On October 2, 2006, Red and Tan Lines cut service on its remaining bus route to Staten Island, the 144, from nine trips in the morning rush hour to five since the route was not profitable. Since, prior to the cuts, at least two buses per day were standing room only, two extra buses were provided during the week on an as needed basis. On October 3, elected officials on Staten Island requested that the MTA take over the service. An MTA spokesperson said the MTA was looking into starting bus service between Jersey City and Staten Island. In spring 2006, the New York State Legislature had passed a bill to authorize New York City Transit to run interstate service to try to get the MTA to operate the service.

On June 18, 2007, MTA Executive Director Elliot G. Sander announced that the MTA would move forward with plans for a new bus route between Staten Island and the HBLR in Bayonne, New Jersey. Previously, he had said the MTA would not run the service until TransportAzumah, the existing operator, stopped running buses along the route. Sander said that he expected to create a service plan with NJ Transit (NJT) and the Port Authority of New York and New Jersey in the following four to eight weeks. A preliminary analysis done by the MTA recommended a fare of $4 for the bus service, less than the normal $5 express bus fare due to the additional cost of a $1.75 HBLR ticket.
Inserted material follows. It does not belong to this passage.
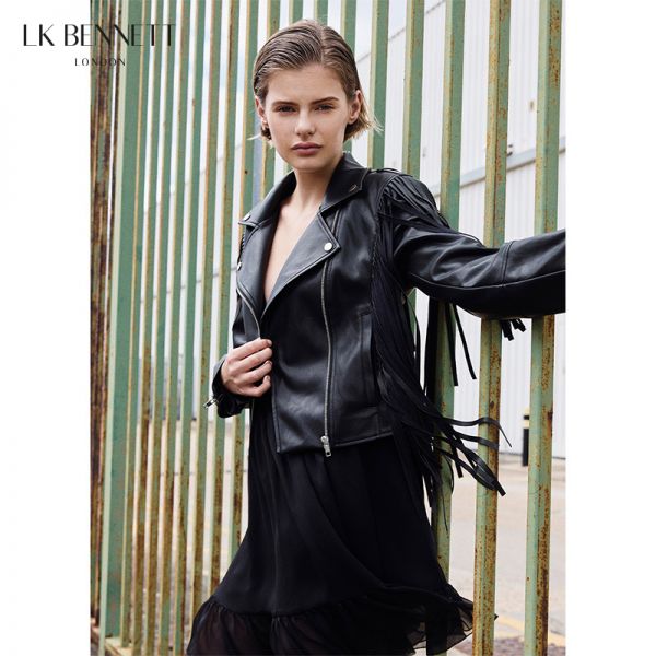 LK BENNETT|2025年新款复古短款翻领流苏皮衣外套LKBTIA54018

The fare would be $4.67 with monthly light rail pass and MetroCard discounts. This is in comparison with the fares charged by TransportAzumah, which were $3 to 34th Street station in Bayonne, and $5 to stops in Hoboken and Jersey City.
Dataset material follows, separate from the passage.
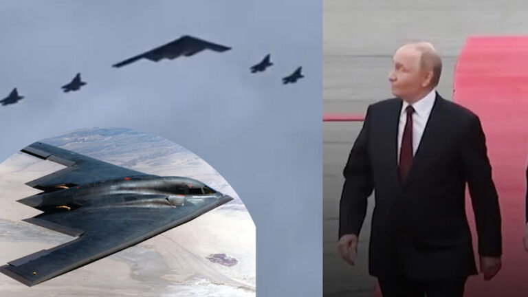 আলাস্কার একটি মার্কিন বিমান ঘাঁটিতে রাশিয়ার প্রেসিডেন্ট ভ্লাদিমির পুতিনকে স্বাগত জানানোর সময় সামরিক শক্তি প্রদর্শন করেছে যুক্তরাষ্ট্র। শুক্রবার (১৫ আগস্ট) প্রেসিডেন্ট ডোনাল্ড ট্রাম্প ও পুতিন যখন এলমেনডর্ফ-রিচার্ডসন জয়েন্ট বেসে লাল গালিচার ওপর দিয়ে হেঁটে যাচ্ছিলেন, তখন আকাশে বি-২ বোমারু বিমান ও অন্যান্য যুদ্ধবিমান ফ্লাইওভার পরিচালনা করে। দুই নেতার উপস্থিতিতে আকাশে চারটি এফ-৩৫ ও একটি বি-২ স্পিরিট বোমারু বিমান উড়ে যায়। এই বি-২ বোমারু বিমানের দু’পাশে ছিল এফ-২২ যুদ্ধবিমান। এই ফ্লাইওভারটি পুতিনের সঙ্গে আলোচনার আগে ট্রাম্পের ব্যক্তিগত নির্দেশে হয়েছে কিনা, তা তাৎক্ষণিকভাবে নিশ্চিত হওয়া যায়নি। তবে, রাশিয়াও একটি পারমাণবিক শক্তিধর দেশ হওয়ায় এই মহড়াটি যথেষ্ট তাৎপর্যপূর্ণ বলে মনে করা হচ্ছে।

On July 16, 2007, the MTA formally announced that it would start this new bus route, the S89 Limited, in the fall. The route would provide an alternative method to getting to Midtown Manhattan via the HBLR and PATH, with buses having timed connections to the HBLR, and would connect residents of the island to the job market in Hoboken, Bayonne, and Jersey City. It would be the first interstate bus operated by the Metropolitan Transportation Authority (MTA), and be implemented under a joint agreement with NJ Transit (NJT). The MTA and NJT were also working toward an agreement that would allow riders of the S89 and the HBLR to purchase a joint monthly ticket. The Port Authority provided $2 million to help acquire the buses that would be used for the service. Since the route would go across state lines, bus operators on the route were USDOT certified. The creation of the interstate bus route was one of multiple initiatives being done by the MTA at the time to break institutional and political barriers, like the joint Train to the Game service between Secaucus Junction on NJT and Metro-North Railroad's New Haven Line.
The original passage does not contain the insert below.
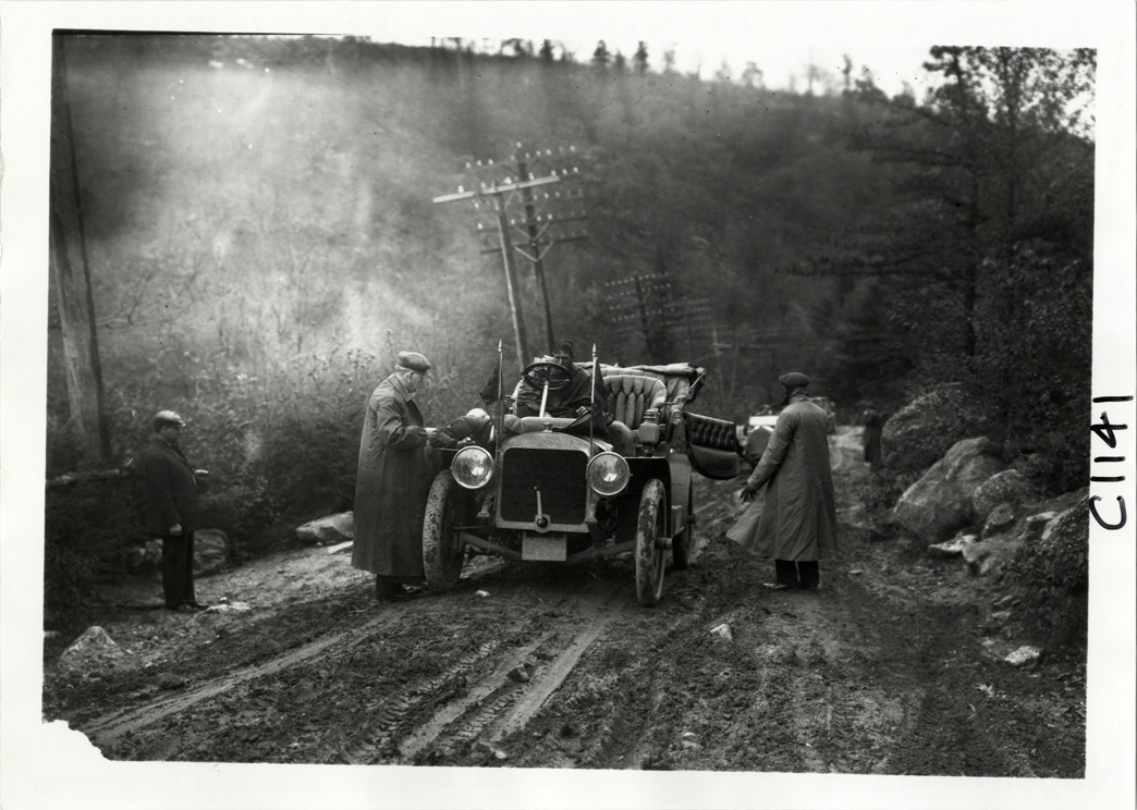 Motorists with automobile on rural road, 1910 Long Island Endurance Run

Service would run on weekdays during peak hours, between 5:30 and 8:30 a.m., and between 4 and 7:30 p.m., running every 15 minutes in the peak direction and every 30 minutes in the reverse-peak direction. Ridership on the bus route was expected to be 1,200 a day. Nine buses would be required to run the service, which would cost about $1.4 million to operate. Service started on September 4, 2007. In January 2008, a joint $134 Unlimited Ride MetroCard and HBLR ticket became available for sale for S89 bus riders online from NJT. The pass would be flashed to fare inspectors on the HBLR.

On April 7, 2008, due to high ridership, two morning trips from Staten Island and one evening trip from New Jersey were added. At the time, 800 to 900 riders used the route per day.